If that really is the goal then why did you put the irrelevant pre-amp/amp, DAC and streamer restrictions on there? That's not a system you're building then, its a component shopping list.
If you really do want "to optimize realism and expanded soundstage" then here's how you do it. Nothing is any more important than anything else. So you allocate equal amounts to everything. Only you have to do it right, by general function not a shopping list. The whole point of the budget is to help you come up with the shopping list. Don't put the cart before the horse.
So what do you need?
Source, amp, speakers, wire. Four things. 25% or $5k each.
Now if you want a preamp and amp go for it. If you want a DAC and streamer go for it. Just know you have $5k total - and that the extra interconnect and power cord have to either come out of that budget or reduce the amount you have to spend on the others. Because your entire wire budget is the same $5k and that has to cover speaker cables, interconnects, and power cords for the whole system. Conditioner too, if you decide one makes sense.

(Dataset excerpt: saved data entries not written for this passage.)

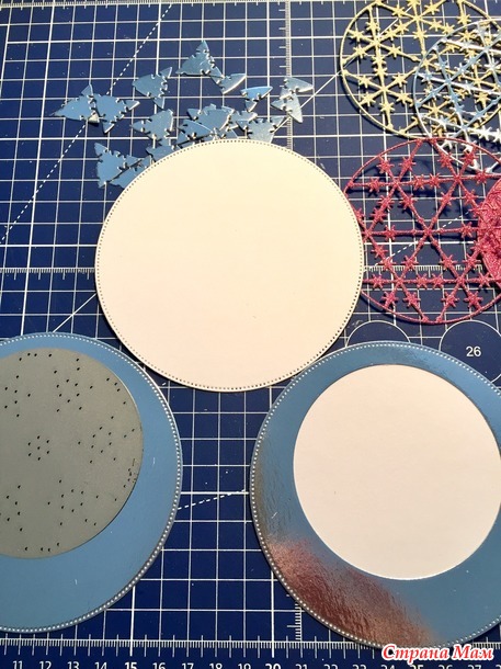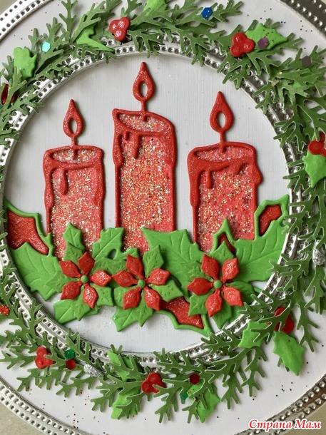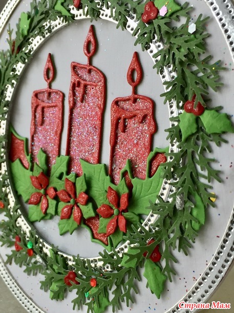 Не знаю , нужно ли комментировать. Снизу нож - снежинка. Вырезала на зеркальной бумаге, приклеила на простую бумагу белую плотн.220гр.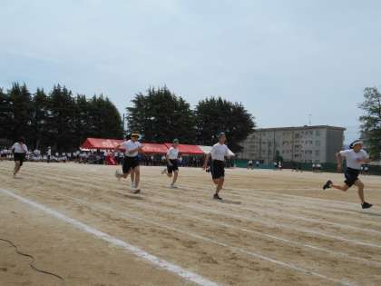 3年生が修学旅行で不在中に、1年生に団演技の指導をする機会がありました。運動会を通して、大きく成長した人もいます。団を率いる3年生の姿を見て、たくさんのことを学んだのではないでしょうか。中堅学年の力走です!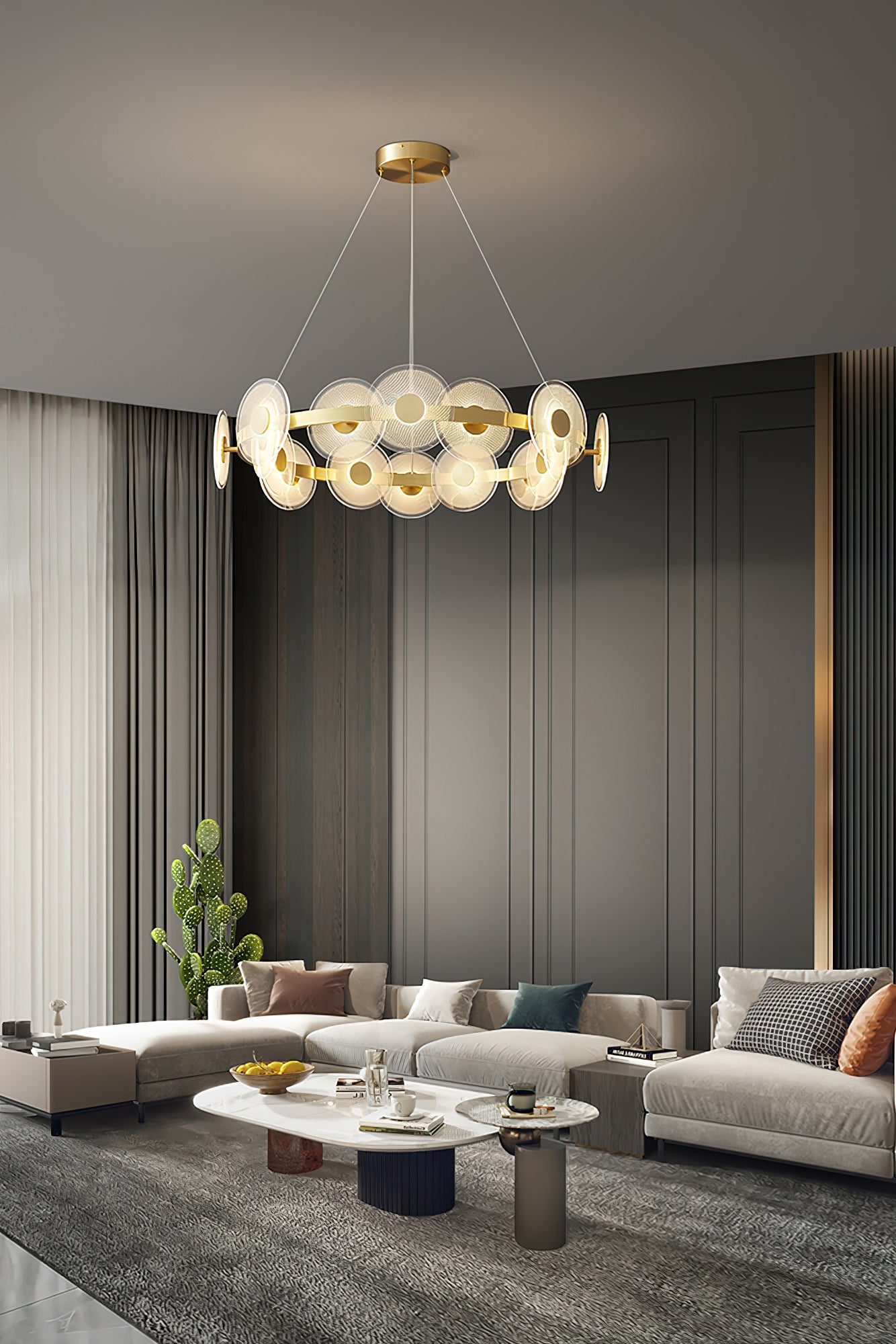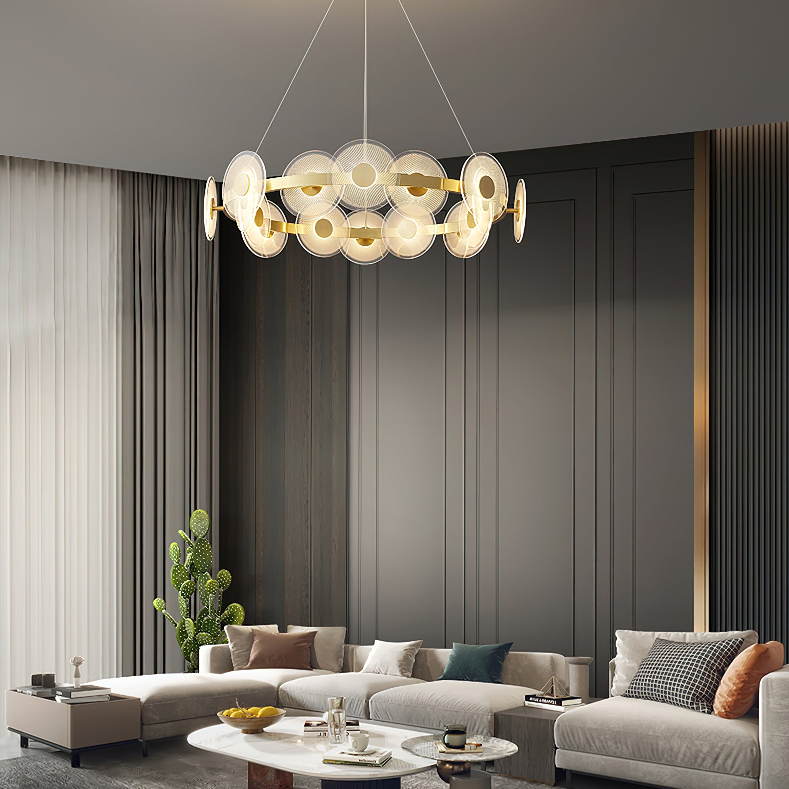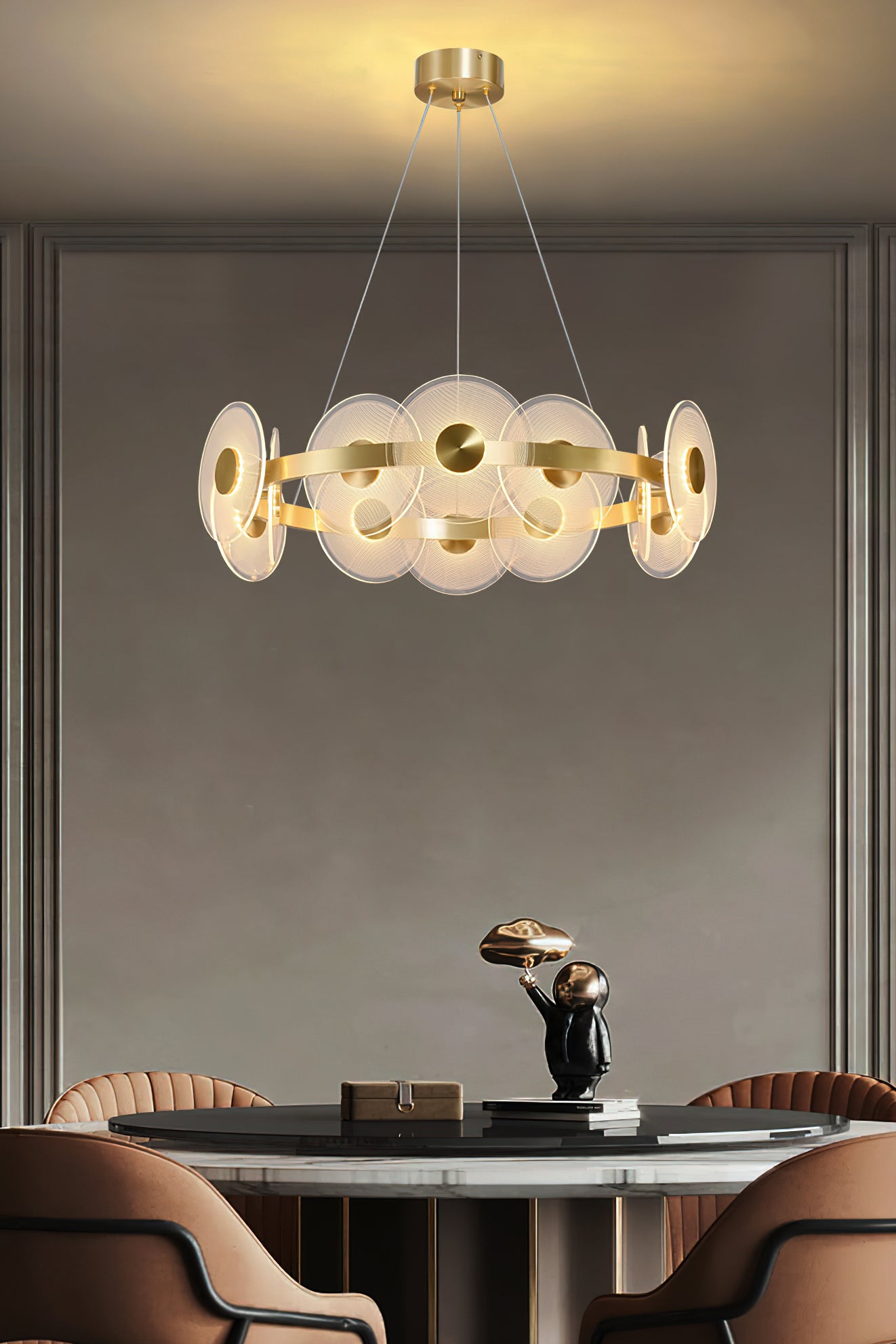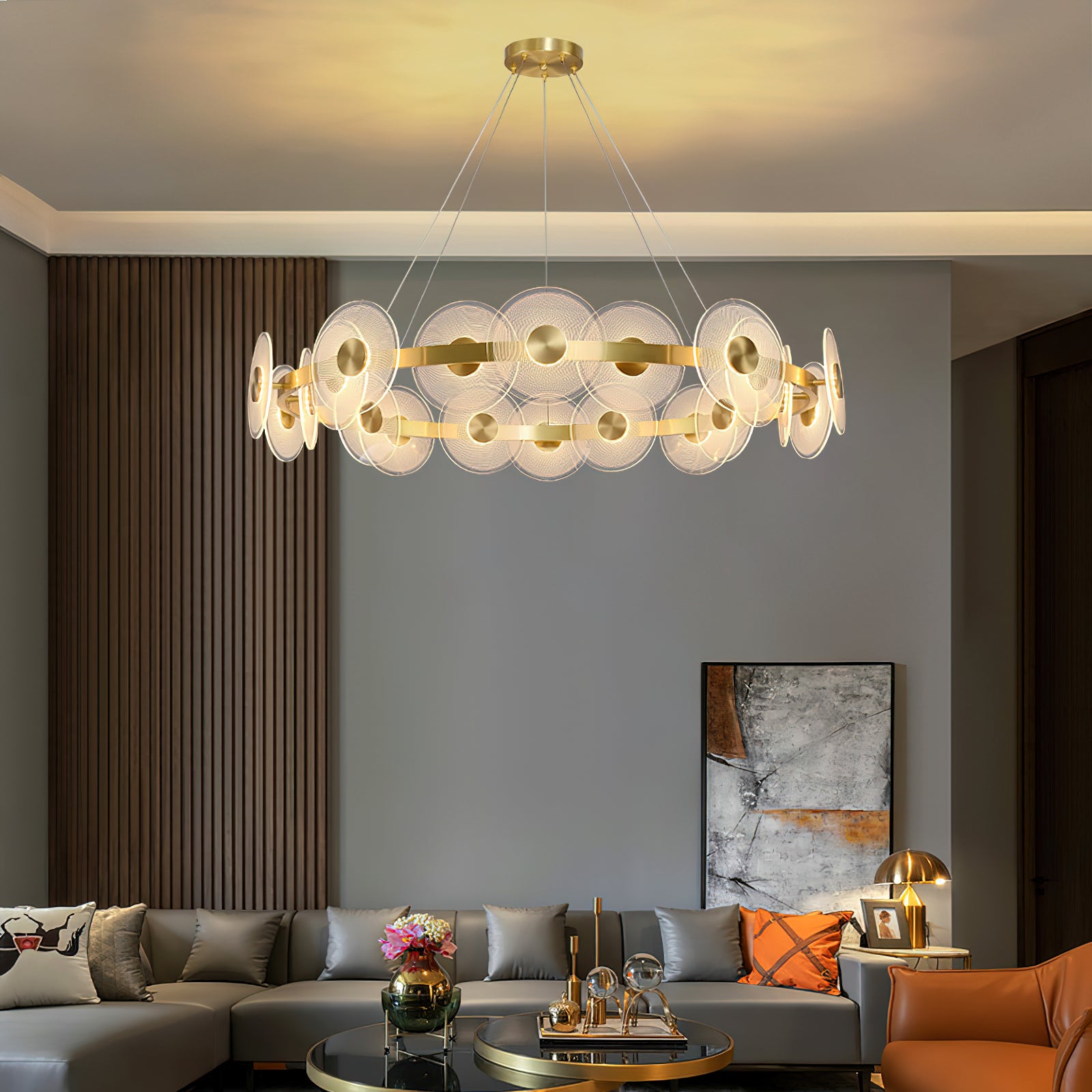 The Halo Chandelier illuminates any space with its stunning design. Its brass lamp body is brushed and suspended, making it corrosion-resistant and rust-free for long-lasting performance. The high-quality acrylic lampshade provides a clear, soft light, while the all-copper ceiling panel ensures a stable and reliable design. Choose from three colors and adjust the brightness and color temperature with each.

Oh and by the way, if you wise up and realize you want a turntable that's a source. Arm and cartridge, source. The phono stage is an amp. The power cord(s) and interconnect(s) are wire. Keep your budget straight.
One more thing. This is just the simplest most dumbed down version of how to do it. The more sophisticated approach is to realize there's a whole lot more contributing to "realism and expanded sound stage" than those major components. There's also room treatments and tweaks. $20k is well into the range you could easily throw all those in there. This would shift the budget around to five categories, Source, Speakers, Amps, Wire, Tweaks. $4k each.
While staying within budget, I mean. Which was the whole idea. "How to divide up" thats a budget. Right?